▶ _TASK STATEMENT_: Copy out each line below containing "naziri".
::::
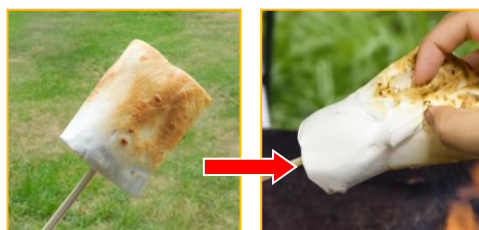
※焼いた表面をむいている様子
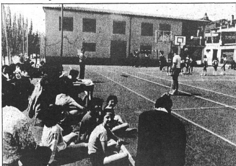
La pista des Dau és utilitzada freqüentment pel equips de futbol base i d'altres esports
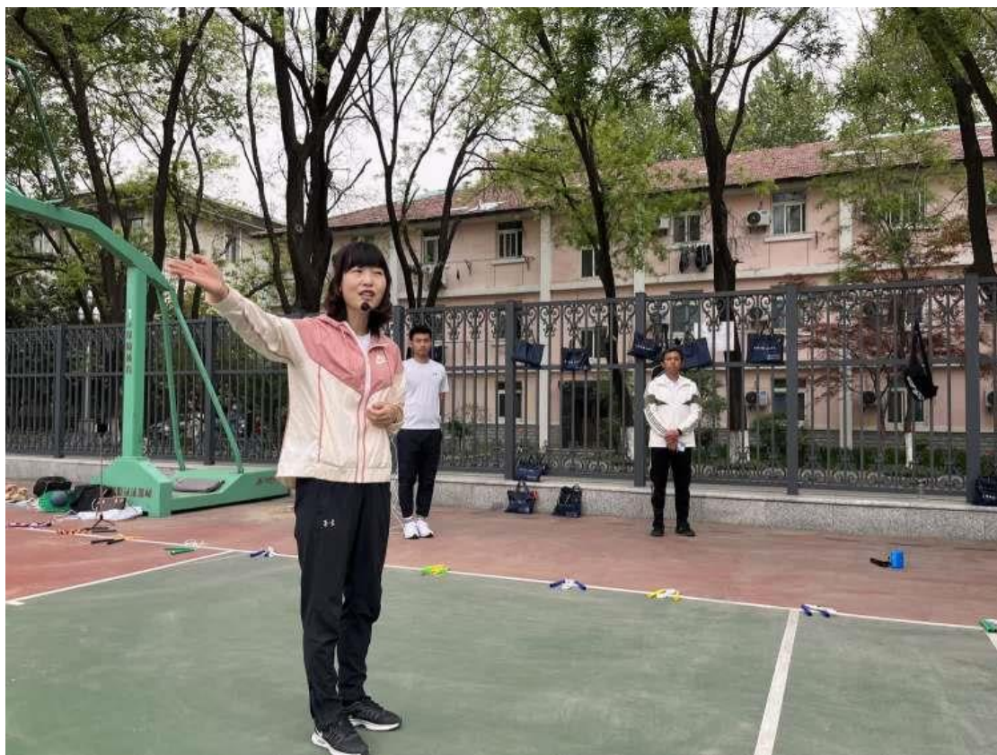
专业教师展示花式跳绳，活跃课前气氛。课前热身，学员们兴致盎然。
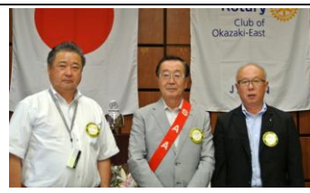
皆出席おめでとう!
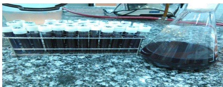
شکل شماره ۱. تلقیح باکتری ها در محیط کشت نوترینت براث حاوی رنگ روبین دیپرسی

استفاده از این روش کار، مبتنی بر روش کار و نتایج مثبت کسب شده در پژوهش های انجام شده توسط نوحی و همکاران در سال ۱۳۸۷ که ۱۰۰ درصد رنگ زدایی توسط سویه های جداسازی شده بومی مشاهده شد، بود (شکل شماره ۱).
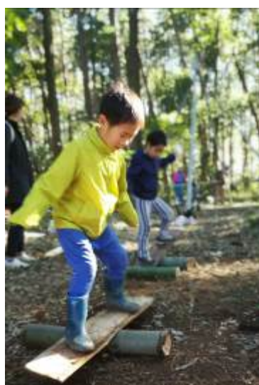
バランスバンブー！
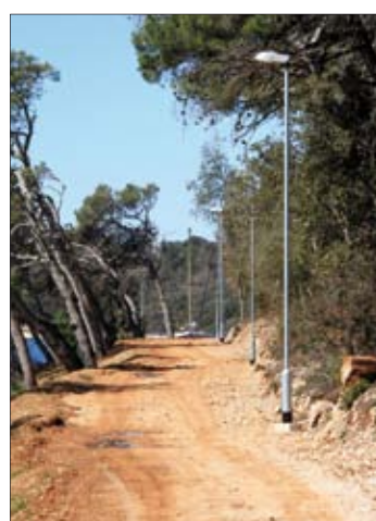
Uređuje se nova šetnica sa javnom rasvjetom od lučice Vinkuran do Kanalića u Banjolama
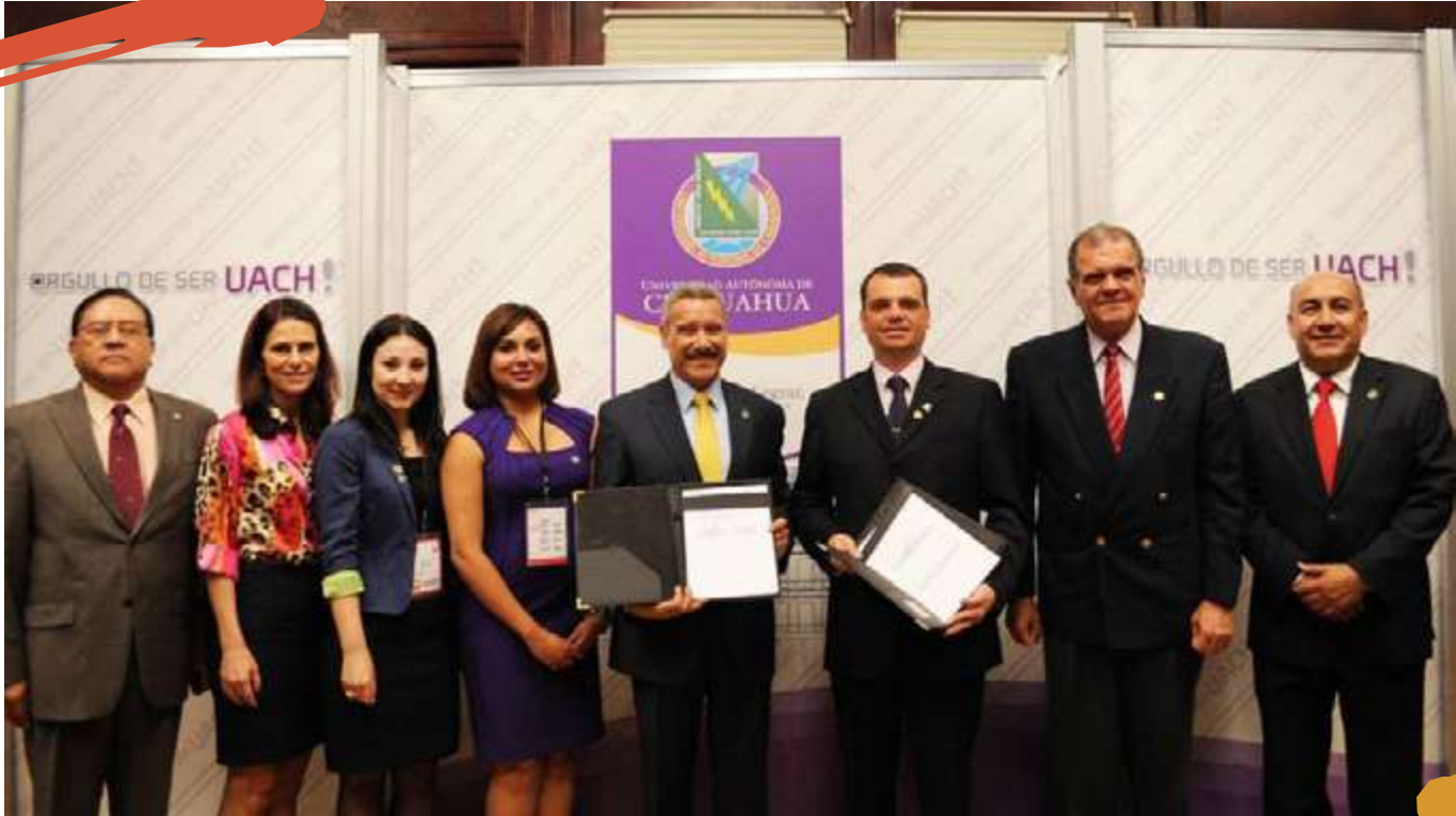
2013 – Assinatura de convênio entre as instituições Universidad Autónoma de Chihuahua (UACH), México e Unoesc.
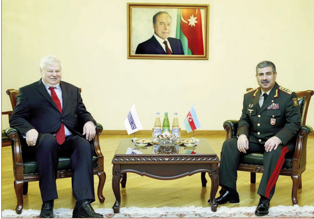
Aprelin 22-də Azərbaycan Respublikasının Müdafiə naziri general-polkovnik Zakir Həsənov ATƏT-in fəaliyyətdə olan sədrinin şəxsi nümayəndəsi Anjey Kasprşik ilə görüşüb.

Müdafiə naziri Ermənistan tərəfindən ərazilərimizin işğal edilməsi, rəsmi Yerevanın sülh danışıqlarından boyun qaçıraraq cəbhədə vəziyyəti gərginləşdirməsi və son vaxtlar uğursuzluğa düşər olaraq çoxsaylı itkilərə məruz qalan düşmənin minaatanlardan, iriçaplı silahlardan istifadə etməklə yaşayış məntəqələrini, qeyri-hərbi obyektləri və dinc sakinləri atəşə tutmaları faktlarını bir daha qonağın diqqətinə çatdırıb.
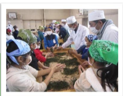
＜地域の方の協力によるお茶の手揉み体験の様子＞

教育段階の区切りを明確にし、6年生だけでなく、それぞれの段階で、責任感やリーダー性が発揮できる場を設定するよう努めます。また、小学生が中学生と関わることにより、さらに成長できる機会も多くあると考えています。
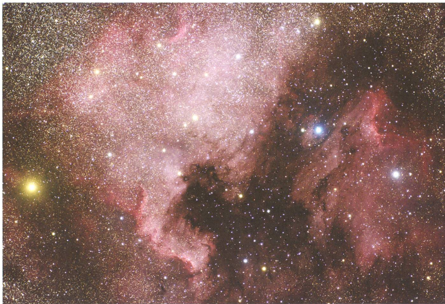
Abbildung 5: Takahashi Epsilon 180ED f/2.8 Astrograph.

Instrument gehört mit seinem korrigierten Bildkreis von 88 mm Durchmesser (dank fest eingebauter Bildfeldebnungslinse) sicherlich zu den besten derzeit käuflichen fotovisuellen Teleskopen im Brennweitenbereich zwischen 500 und 1000 mm (vgl. Abb. 6).
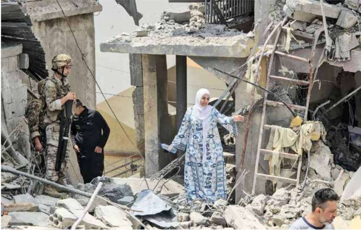
○ سيدة لبنانية تقف وسط حطام منزلها الذي دمرته غارة إسرائيلية في بلدة برج الشمالي بالجنوب اللبناني.

أشخاص، بينهم سبتان، وفق وزارة الصحة. وأفاد مراسل فرانس برس في المدينة بأن الغارة أدت إلى دمار في الطابقين الأولين من مبنى سكني. واستهدفت غارة أخرى فجر امس الخميس سيارة على طريق عدلون في منطقة صيدا، كانت تقبل عائلة بعد نزوحها فجرا، ما أسفر عن مقتل ستة اشخاص، بينهم رجل وزوجته وطفلهما، وفق وزارة الصحة. وأعلن الجيش اللبناني من جهته امس الخميس مقتل عسكري «نتيجة استهدافه بغارة إسرائيلية معادية أثناء تنقله على طريق» في منطقة النبطية. واستهدفت غارات أخرى بلدات وقرى عدة في جنوب لبنان.
::::
▶ _RESPONSE AREA_:
Aprelin 22-də Azərbaycan Respublikasının Müdafiə naziri general-polkovnik Zakir Həsənov ATƏT-in fəaliyyətdə olan sədrinin şəxsi nümayəndəsi Anjey Kasprşik ilə görüşüb.
Müdafiə naziri Ermənistan tərəfindən ərazilərimizin işğal edilməsi, rəsmi Yerevanın sülh danışıqlarından boyun qaçıraraq cəbhədə vəziyyəti gərginləşdirməsi və son vaxtlar uğursuzluğa düşər olaraq çoxsaylı itkilərə məruz qalan düşmənin minaatanlardan, iriçaplı silahlardan istifadə etməklə yaşayış məntəqələrini, qeyri-hərbi obyektləri və dinc sakinləri atəşə tutmaları faktlarını bir daha qonağın diqqətinə çatdırıb.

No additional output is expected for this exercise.